- REQUIRED ACTION: Produce the lines from the one containing "Durum karşısında şaşkına" through the end of the material exactly as they appear, both ends included, and leave the pictures out.

- GIVEN DATA:
━━━━━━━━━━

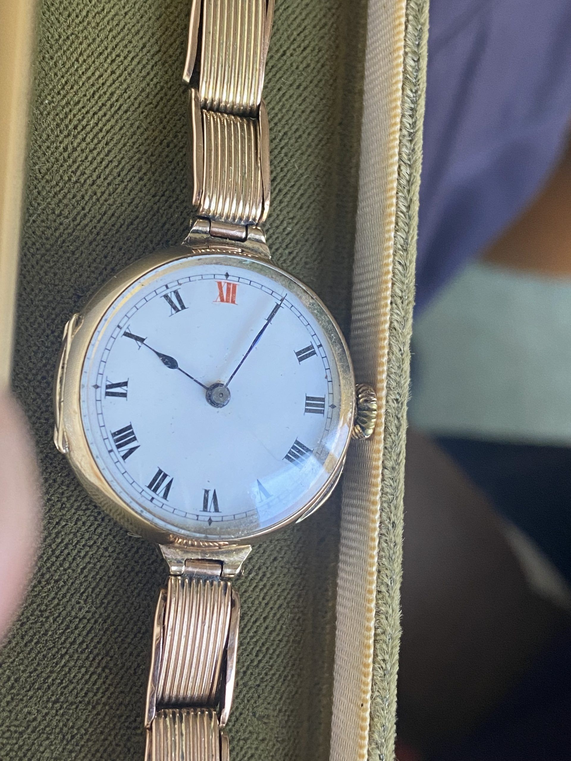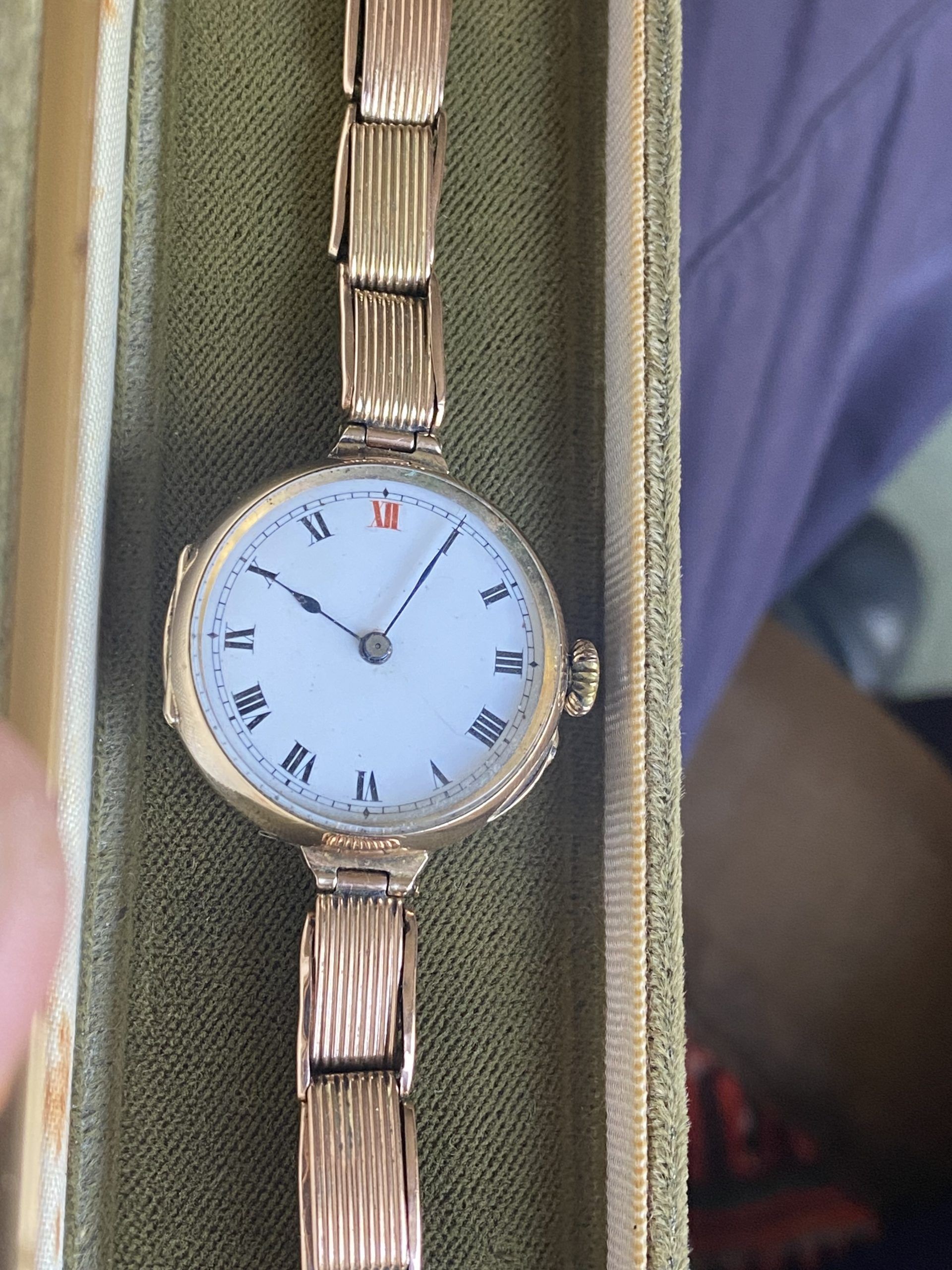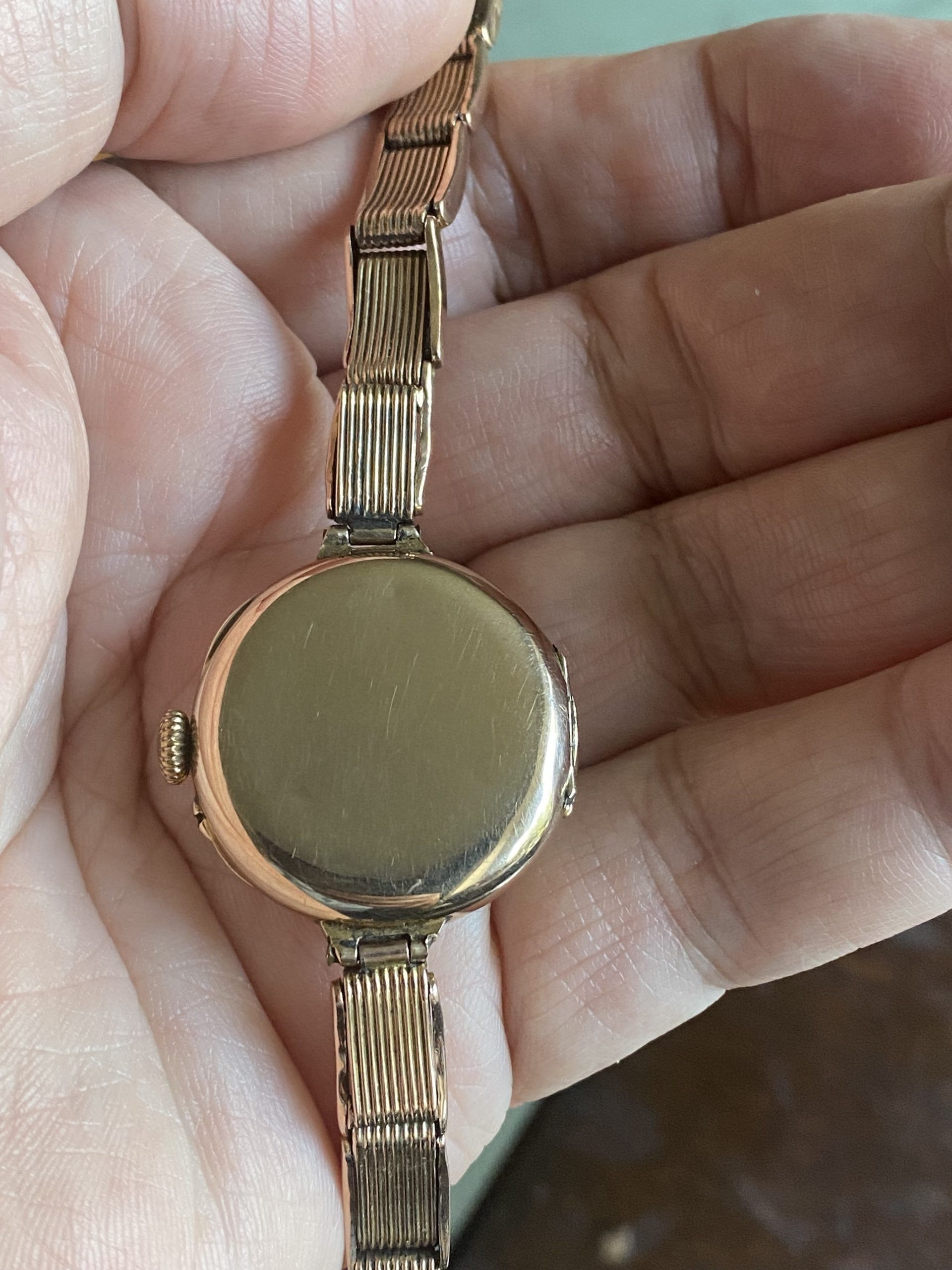 A superb quality WW1 era antique solid 9ct rose gold wristwatch with its original very rare solid rose gold expandable bracelet, in outstanding condition.
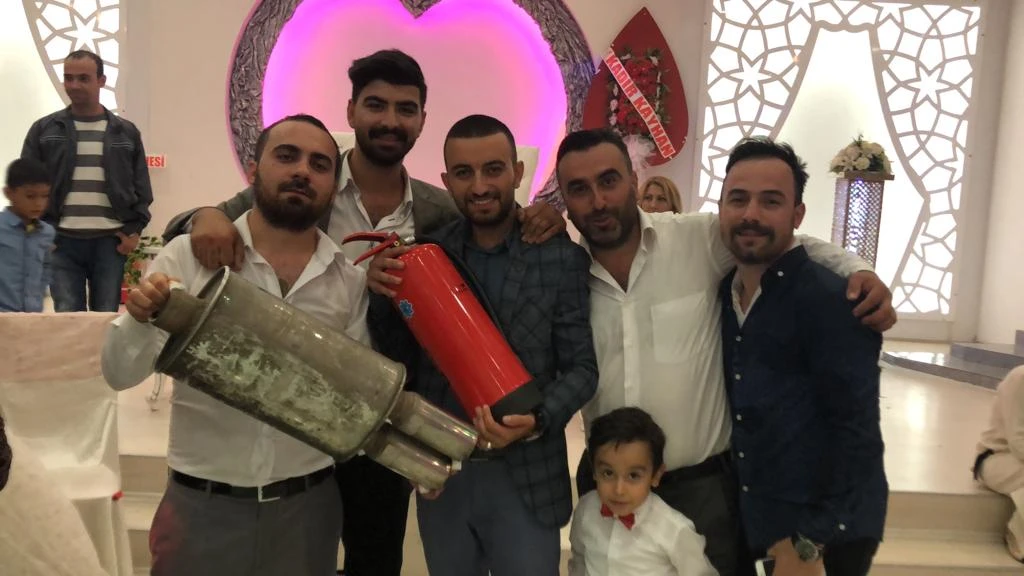 Durum karşısında şaşkına dönen damat Onur Turgut, "Hiç böyle bir hediye beklemiyordum. Ahmet abimize yangın tüpü taktıklarında ben de vardım. Ama bana böyle bir hediye vereceklerini beklemiyordum. Egzozu arabama taktıracağım. Çok teşekkür ediyorum" dedi.
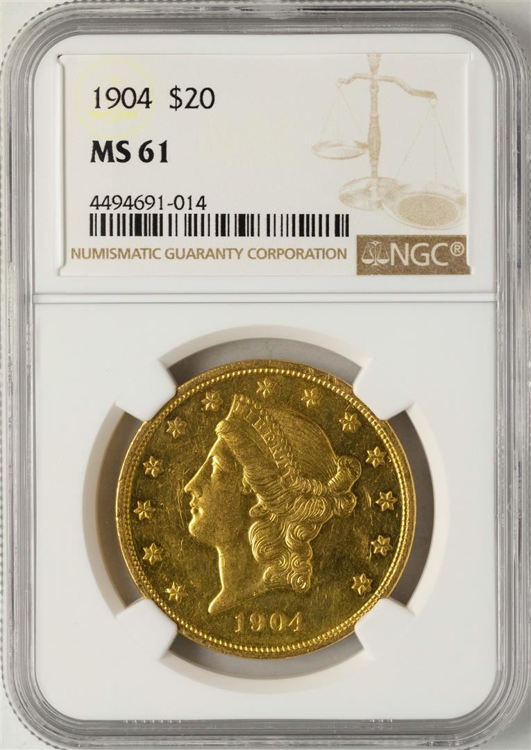 One 1904 $20 Liberty Head Double Eagle Gold Coin NGC MS61. NGC Certified.
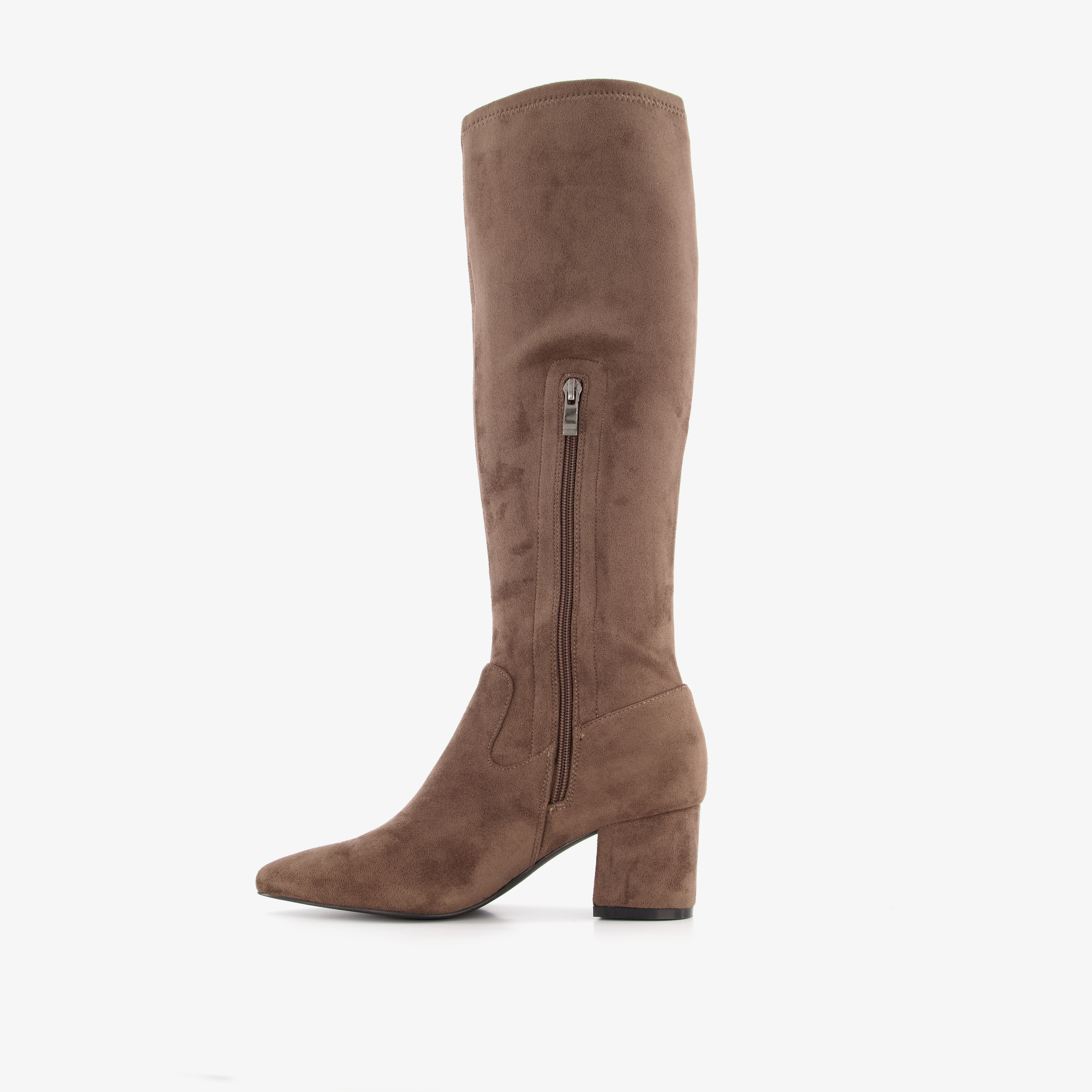 Hoge, bruine laarzen met hak voor dames. Gemaakt van imitatiesuede, een binnenwerk van textiel en een stevige zool. De laarzen hebben een halve ritssluiting aan de binnenzijde en vast voetbed van imitatieleer. Voorzien van een spitse neus, schachthoogte van 42 cm en een blokhak van 6 cm.

━━━━━━━━━━

- ANSWER TO THE EXERCISE:
 Durum karşısında şaşkına dönen damat Onur Turgut, "Hiç böyle bir hediye beklemiyordum. Ahmet abimize yangın tüpü taktıklarında ben de vardım. Ama bana böyle bir hediye vereceklerini beklemiyordum. Egzozu arabama taktıracağım. Çok teşekkür ediyorum" dedi.
 One 1904 $20 Liberty Head Double Eagle Gold Coin NGC MS61. NGC Certified.
 Hoge, bruine laarzen met hak voor dames. Gemaakt van imitatiesuede, een binnenwerk van textiel en een stevige zool. De laarzen hebben een halve ritssluiting aan de binnenzijde en vast voetbed van imitatieleer. Voorzien van een spitse neus, schachthoogte van 42 cm en een blokhak van 6 cm.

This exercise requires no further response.